Filtered category: Difference between revisions

From formulasearchengine
Jump to navigation Jump to search
No edit summary
changed "cone" to "cocone"
 
Line 1: Line 1:
In mathematics, the '''generalized minimal residual method''' (usually abbreviated '''GMRES''') is an [[iterative method]] for the [[numerical analysis|numerical]] solution of a nonsymmetric [[system of linear equations]]. The method approximates the solution by the vector in a [[Krylov subspace]] with minimal [[residual (numerical analysis)|residual]]. The [[Arnoldi iteration]] is used to find this vector.

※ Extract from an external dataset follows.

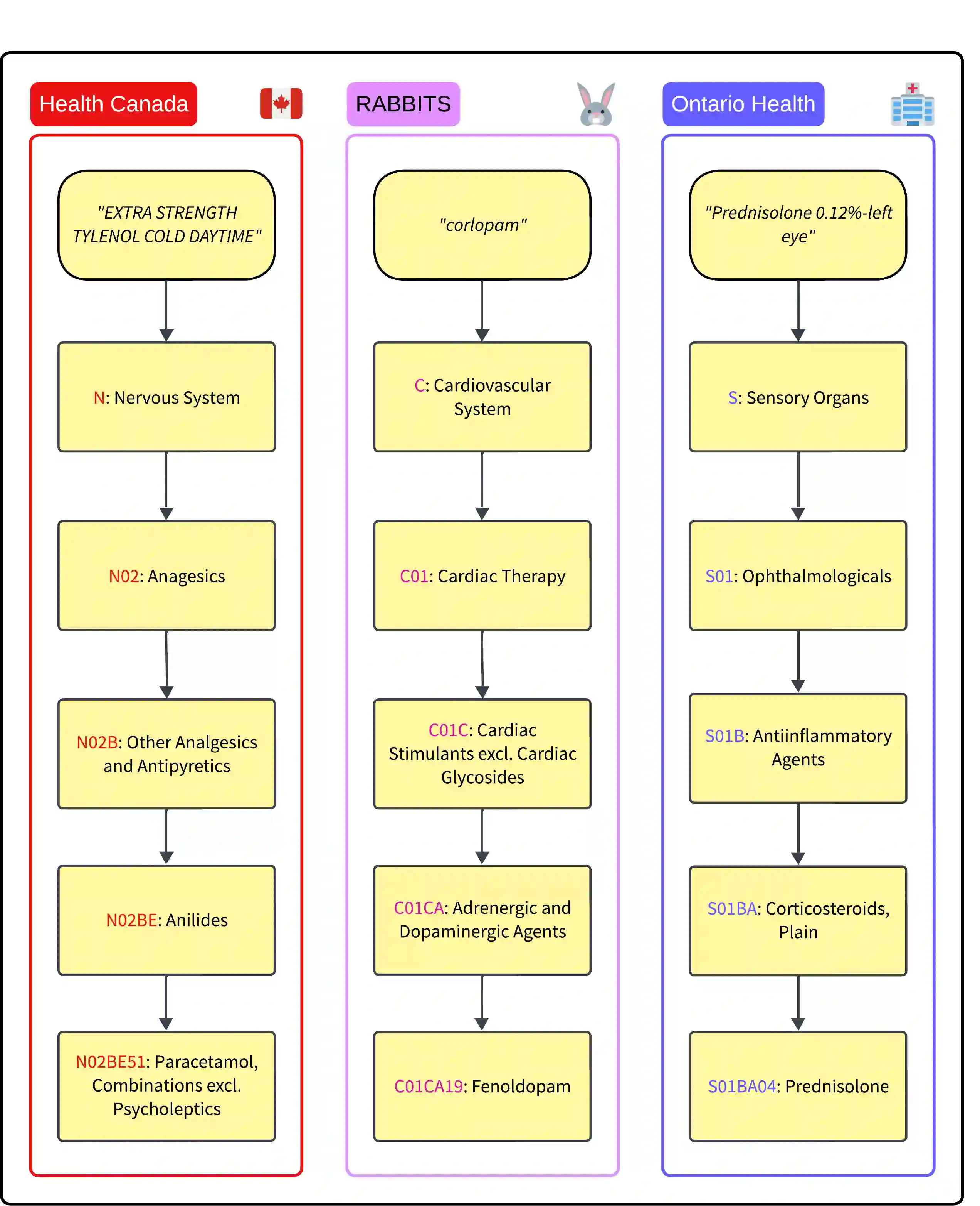 Manual assignment of Anatomical Therapeutic Chemical (ATC) codes to prescription records is a significant bottleneck in healthcare research and operations at Ontario Health and InterRAI Canada, requiring extensive expert time and effort. To automate this process while maintaining data privacy, we develop a practical approach using locally deployable large language models (LLMs). Inspired by recent advances in automatic International Classification of Diseases (ICD) coding, our method frames ATC coding as a hierarchical information extraction task, guiding LLMs through the ATC ontology level by level. We evaluate our approach using GPT-4o as an accuracy ceiling and focus development on open-source Llama models suitable for privacy-sensitive deployment. Testing across Health Canada drug product data, the RABBITS benchmark, and real clinical notes from Ontario Health, our method achieves 78% exact match accuracy with GPT-4o and 60% with Llama 3.1 70B. We investigate knowledge grounding through drug definitions, finding modest improvements in accuracy. Further, we show that fine-tuned Llama 3.1 8B matches zero-shot Llama 3.1 70B accuracy, suggesting that effective ATC coding is feasible with smaller models. Our results demonstrate the feasibility of automatic ATC coding in privacy-sensitive healthcare environments, providing a foundation for future deployments.
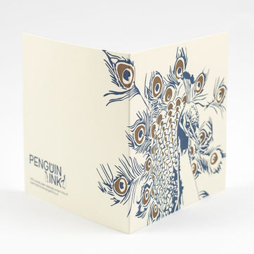 Made by Lizzie Parker of Penguin Ink, her letterpress colletion of cards is both simple and tactile. Produced on an original Heidelberg Platen printing press from the early 20th century, Liz's cards are printed on paper from sustainable forests milled in Italy. This peacock proudly shows off his train and the copper ink detail shows him in all his majesty.

I am Oscar and I completely dig that title. It's not a common thing but what she likes doing is base jumping and now she is attempting to earn cash with it. South Dakota is her birth place but she requirements to move because of her family members. He utilized to be unemployed but now he is a meter reader.<br><br>my webpage :: [http://www.buzzbit.net/blog/333162 std testing at home]
 
The GMRES method was developed by [[Yousef Saad]] and Martin H. Schultz in 1986.<ref>Saad and Schultz</ref>
GMRES is a generalization of the [[MINRES]] method developed by Chris Paige and Michael Saunders in 1975. GMRES also is a special case of the [[DIIS]] method developed by Peter Pulay in 1980. DIIS is also applicable to non-linear systems.
 
== The method ==
 
Denote the Euclidean norm of any vector ''v'' by <math>\|v\|</math>. Denote the system of linear equations to be solved by
:<math> Ax = b. \, </math>
The matrix ''A'' is assumed to be [[invertible matrix|invertible]] of size ''m''-by-''m''. Furthermore, it is assumed that ''b'' is normalized, i.e., that ||''b''|| = 1.
 
The ''n''th [[Krylov_sequence|Krylov subspace]] for this problem is
:<math> K_n = K_n(A,b) = \operatorname{span} \, \{ b, Ab, A^2b, \ldots, A^{n-1}b \}. \, </math>
GMRES approximates the exact solution of ''Ax'' = ''b'' by the vector ''x''<sub>''n''</sub> ∈ ''K''<sub>''n''</sub> that minimizes the Euclidean norm of the [[Residual_(numerical_analysis)| residual]] ''Ax''<sub>''n''</sub> &minus; ''b''.
 
The vectors ''b'', ''Ab'', …, ''A''<sup>''n''&minus;1</sup>''b'' might be almost [[linear independence| linearly dependent]], so instead of this basis, the [[Arnoldi iteration]] is used to find orthonormal vectors
:<math> q_1, q_2, \ldots, q_n \, </math>
which form a basis for ''K''<sub>''n''</sub>. Hence, the vector ''x''<sub>''n''</sub> ∈ ''K''<sub>''n''</sub> can be written as ''x''<sub>''n''</sub> = ''Q''<sub>''n''</sub>''y''<sub>''n''</sub> with ''y''<sub>''n''</sub> ∈ '''R'''<sup>''n''</sup>, where ''Q''<sub>''n''</sub> is the ''m''-by-''n'' matrix formed by ''q''<sub>1</sub>, …, ''q''<sub>n</sub>.
 
The Arnoldi process also produces an (''n''+1)-by-''n'' upper [[Hessenberg matrix]] <math>\tilde{H}_n</math> with
:<math> AQ_n = Q_{n+1} \tilde{H}_n. \, </math>
Because <math>Q_n</math> is orthogonal, we have
:<math> \| Ax_n - b \| = \| \tilde{H}_ny_n - \beta e_1 \|, \, </math>
where
:<math> e_1 = (1,0,0,\ldots,0) \, </math>
is the first vector in the [[standard basis]] of '''R'''<sup>''n''+1</sup>, and
:<math> \beta = \|b-Ax_0\| \, ,</math>
<math>x_0</math> being the first trial vector (usually zero). Hence, <math>x_n</math> can be found by minimizing the Euclidean norm of the residual
:<math> r_n = \tilde{H}_n y_n - \beta e_1. </math>
This is a [[linear least squares (mathematics)|linear least squares]] problem of size ''n''.
 
This yields the GMRES method. At every step of the iteration:
# do one step of the Arnoldi method;
# find the <math> y_n </math> which minimizes ||''r''<sub>''n''</sub>||;
# compute <math> x_n = Q_n y_n </math>;
# repeat if the residual is not yet small enough.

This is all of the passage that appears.